The Afghan pullout set a precedent for weakness in Ukraine and the Middle East
With less than a year until the election, President Biden’s legacy is beginning to take shape. He is leaving a record of defeat.
From Afghanistan to Ukraine to Gaza, Mr. Biden has adopted Barack Obama’s playbook of leading the free world from behind. On Dec. 1, Secretary of State Antony Blinken made his fourth visit to Israel since the Hamas terrorist attacks of Oct. 7. His remarks focused on what Israel shouldn’t do in Gaza rather than on how to defeat the Hamas terrorists who are still holding around 140 hostages.
Mr. Biden’s Obama-era team—national security adviser Jake Sullivan, Central Intelligence Agency Director William J. Burns and climate envoy John Kerry—adore grand bargains that make them feel like masters of the geopolitical universe. What the U.S. gives up in these deals is usually clear. But it’s rarely apparent what America and her allies get in return. Washington sent billions in cash to Iran for unverifiable promises and restrained Ukraine to try to win favor with Russia.
It’s convenient for Mr. Biden that MAGA Republicans oppose aid to Ukraine; he can blame them for his failure to deliver. While it’s true that Congress is playing politics with American credibility and Ukrainian lives, so is Mr. Biden, who has the power to arm Ukraine today if he wished. The tanks, ATACMS, big drones and jets that Ukraine needs to win the war are collecting dust in American warehouses instead of destroying the Russian military.

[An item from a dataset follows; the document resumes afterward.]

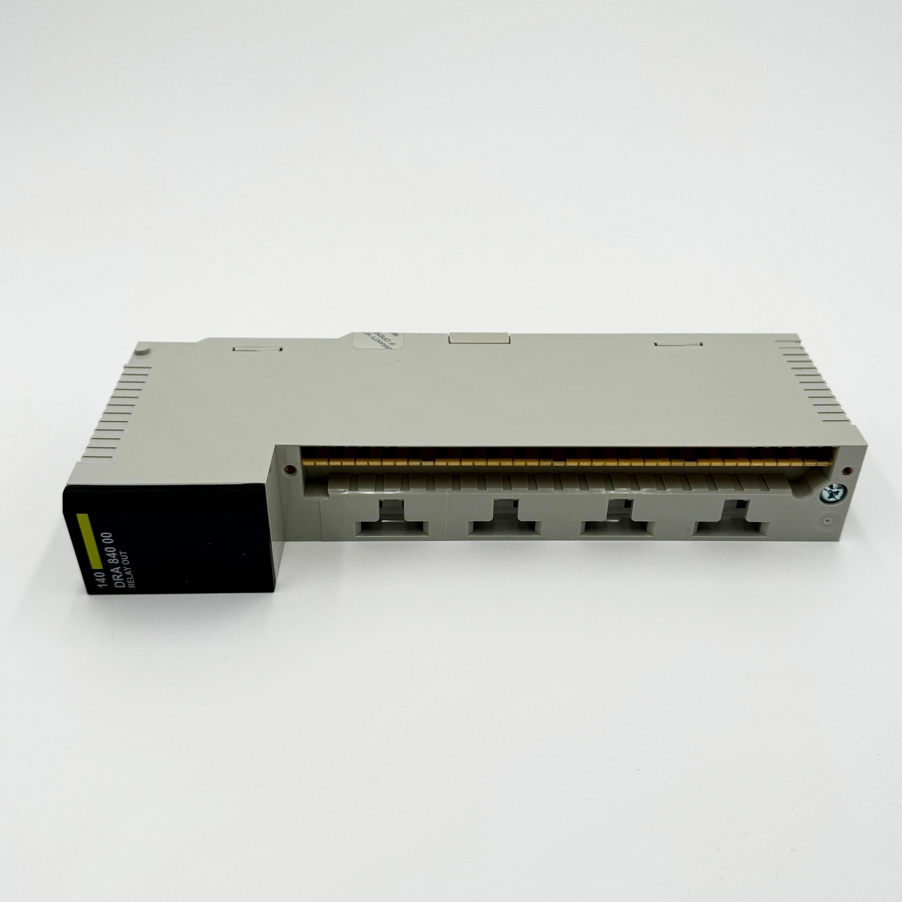 The Modicon 140 DRA 84 000 16-point output module is manufactured by Schneider Electric for use on the Modicon Quantum platform. The 140DRA84000 is a relay output 16 x 1 normally open module that consists of a standard module format, weighs less than one pound, and has a bus current requirement of 1,110 mA. It also has a 10 A, 10 ms surge capacity and the switching capacity in VA is 500 VA resistant.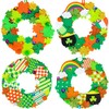 - 12 Sets St. Patrick's Day Shamrock Wreath Decorations Foam St. Patrick's Day Wreath Signs Craft Kits:12 pcs foam wreath bases, 69 pcs assorted self-adhesive foam St. Patrick's Day prints stickers, 60 pcs assorted self-adhesive shamrock shaped foam cutouts stickers, 96 pcs assorted self-adhesive glitter foam shamrock cutouts stickers, 12 pcs satin cords for easy hanging, 1 sheet artificial rhinestone stickers and 12 pcs adhesive wall hooks.

On Nov. 18, I represented the Russian Action Committee at the 15th Halifax Security Forum. Remarks there by Estonian Defense Minister Hanno Pevkur and others strengthened my belief that the U.S. is deliberately allowing the Russian occupation to continue. Two vital arteries feed Vladimir Putin’s army and enable his occupation: the Crimean land bridge and the Melitopol railway. According to several analysts, a single barrage of properly loaded ATACMS could destroy both and starve Mr. Putin’s invading army of supplies. Withholding these armaments is a choice.
At every point of conflict in his presidency, Mr. Biden’s modus operandi, like Mr. Obama’s, has been to make concessions to create the illusion of diplomatic success. Mr. Biden appears intent on cutting yet another deal to make the problem of Ukraine go away—for the moment. The same shortsighted fecklessness led Mr. Obama to back off from defending Ukraine in 2014 when Mr. Putin first invaded and annexed Crimea, leading inevitably to his full-scale invasion in 2022. My great fear is that Mr. Biden’s envoys are now discussing with Mr. Putin the partition of Ukraine along the current front lines.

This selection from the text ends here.